▶ _EXERCISE INPUT_:

⁂

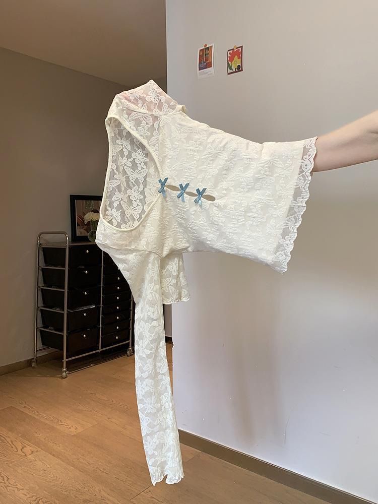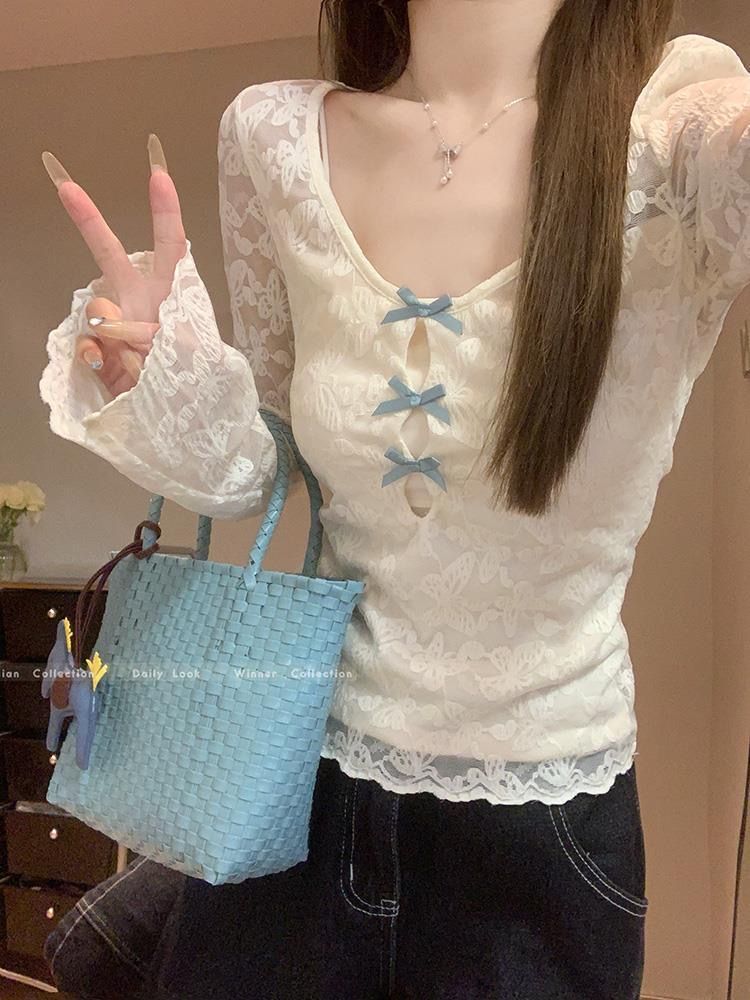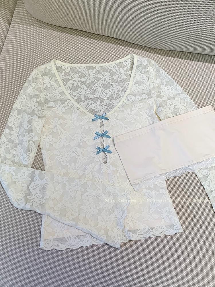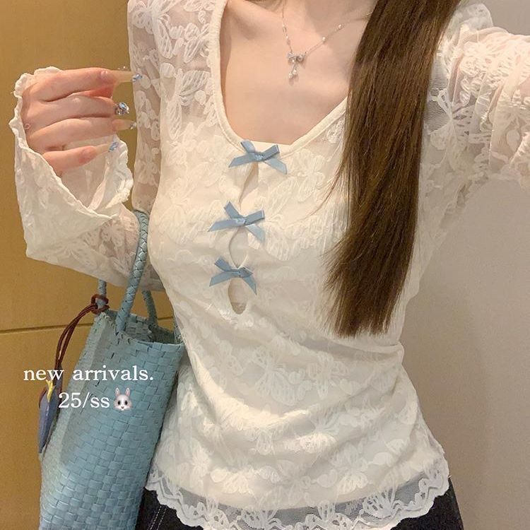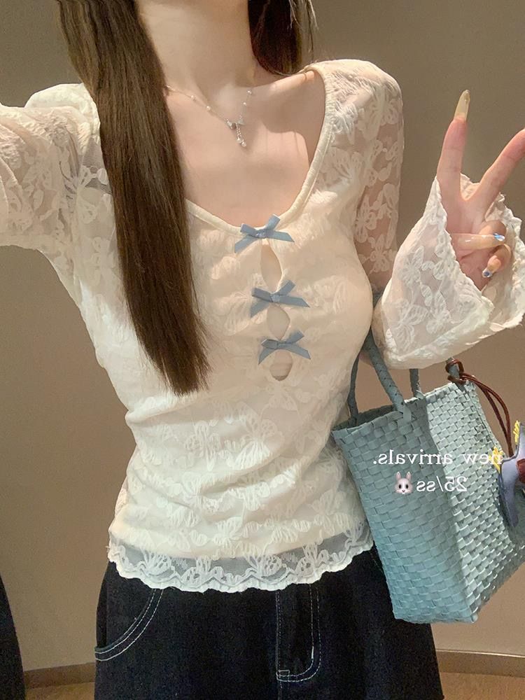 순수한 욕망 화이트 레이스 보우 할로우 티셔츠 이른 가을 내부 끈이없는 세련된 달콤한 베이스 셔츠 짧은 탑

⁂

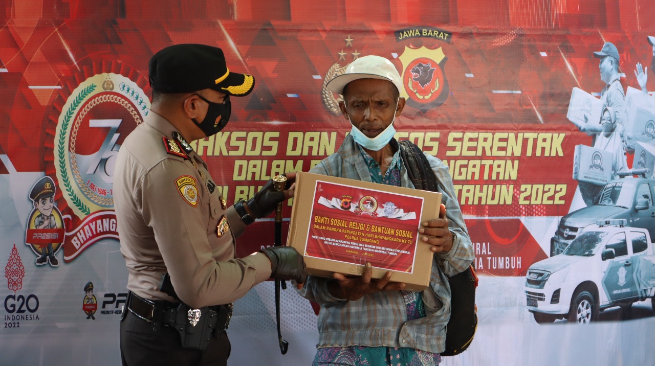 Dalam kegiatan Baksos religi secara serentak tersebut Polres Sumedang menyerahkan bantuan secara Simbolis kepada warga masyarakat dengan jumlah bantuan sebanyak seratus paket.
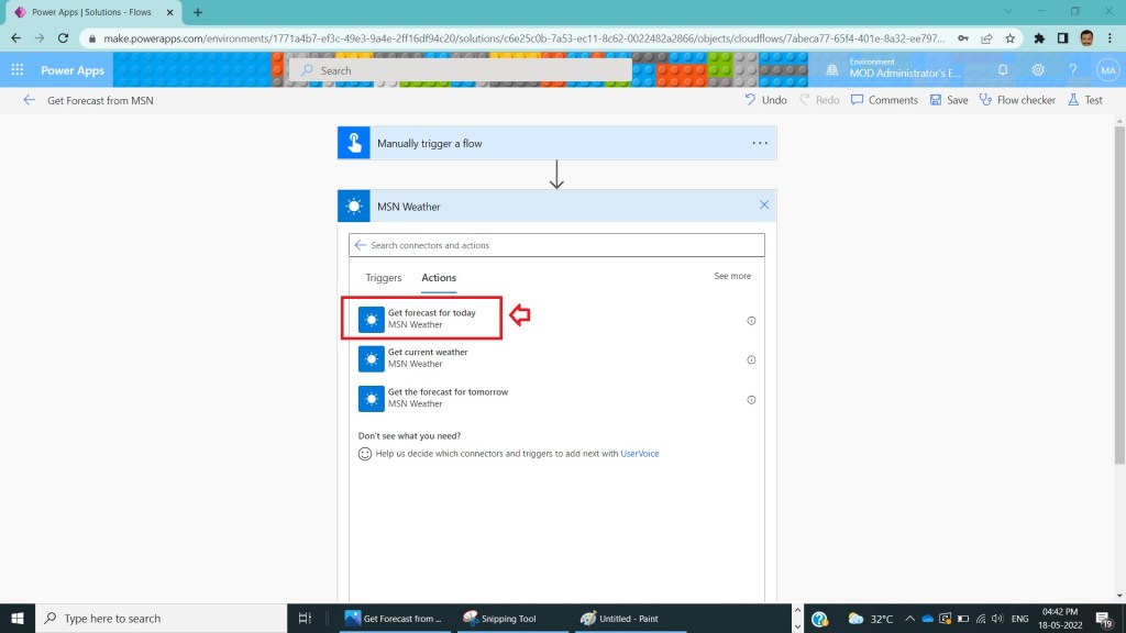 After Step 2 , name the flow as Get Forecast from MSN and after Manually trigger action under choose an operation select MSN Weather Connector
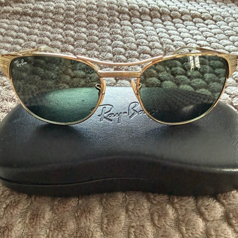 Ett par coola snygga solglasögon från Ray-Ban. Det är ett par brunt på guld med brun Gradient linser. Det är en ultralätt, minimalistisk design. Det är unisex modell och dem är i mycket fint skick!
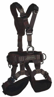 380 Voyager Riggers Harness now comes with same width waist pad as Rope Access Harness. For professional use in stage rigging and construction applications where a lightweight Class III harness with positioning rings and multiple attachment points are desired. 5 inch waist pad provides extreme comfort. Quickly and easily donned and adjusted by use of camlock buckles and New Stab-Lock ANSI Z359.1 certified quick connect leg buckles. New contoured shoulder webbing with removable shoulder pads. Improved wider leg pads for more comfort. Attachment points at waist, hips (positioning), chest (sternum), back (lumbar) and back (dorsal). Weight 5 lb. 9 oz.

⁂

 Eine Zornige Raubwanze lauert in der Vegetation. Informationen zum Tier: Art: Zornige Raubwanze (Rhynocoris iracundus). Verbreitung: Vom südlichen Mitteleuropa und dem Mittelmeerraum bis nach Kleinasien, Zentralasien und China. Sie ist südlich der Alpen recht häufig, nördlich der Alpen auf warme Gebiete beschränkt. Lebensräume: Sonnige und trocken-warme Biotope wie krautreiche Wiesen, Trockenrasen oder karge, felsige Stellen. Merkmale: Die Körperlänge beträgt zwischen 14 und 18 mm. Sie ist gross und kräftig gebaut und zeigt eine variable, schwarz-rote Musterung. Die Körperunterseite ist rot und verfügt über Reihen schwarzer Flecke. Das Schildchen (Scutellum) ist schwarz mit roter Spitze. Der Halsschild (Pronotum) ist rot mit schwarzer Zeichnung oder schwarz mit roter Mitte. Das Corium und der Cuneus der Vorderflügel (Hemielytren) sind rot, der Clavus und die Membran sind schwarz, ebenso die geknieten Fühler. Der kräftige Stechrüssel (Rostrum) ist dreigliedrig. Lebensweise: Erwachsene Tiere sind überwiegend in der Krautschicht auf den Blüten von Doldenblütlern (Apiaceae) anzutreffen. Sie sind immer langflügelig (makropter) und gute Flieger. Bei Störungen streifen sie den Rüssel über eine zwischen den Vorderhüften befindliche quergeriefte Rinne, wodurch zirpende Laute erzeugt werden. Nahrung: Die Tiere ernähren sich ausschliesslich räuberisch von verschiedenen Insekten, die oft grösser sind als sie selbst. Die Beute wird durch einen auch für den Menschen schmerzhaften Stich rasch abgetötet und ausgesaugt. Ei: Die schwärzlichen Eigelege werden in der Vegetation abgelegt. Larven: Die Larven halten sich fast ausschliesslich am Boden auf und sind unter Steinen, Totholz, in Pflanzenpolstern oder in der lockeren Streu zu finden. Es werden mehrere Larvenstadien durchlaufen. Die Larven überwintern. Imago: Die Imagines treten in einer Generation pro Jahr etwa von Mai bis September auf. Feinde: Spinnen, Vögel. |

⁂

▶ _DIRECTIONS_: Word for word, retype the lines in the entries above that run from the one with "Dalam kegiatan Baksos" through the one with "After Step 2". Both ends count; pictures do not.

▶ _FINISHED EXERCISE_:
 Dalam kegiatan Baksos religi secara serentak tersebut Polres Sumedang menyerahkan bantuan secara Simbolis kepada warga masyarakat dengan jumlah bantuan sebanyak seratus paket.
 After Step 2 , name the flow as Get Forecast from MSN and after Manually trigger action under choose an operation select MSN Weather Connector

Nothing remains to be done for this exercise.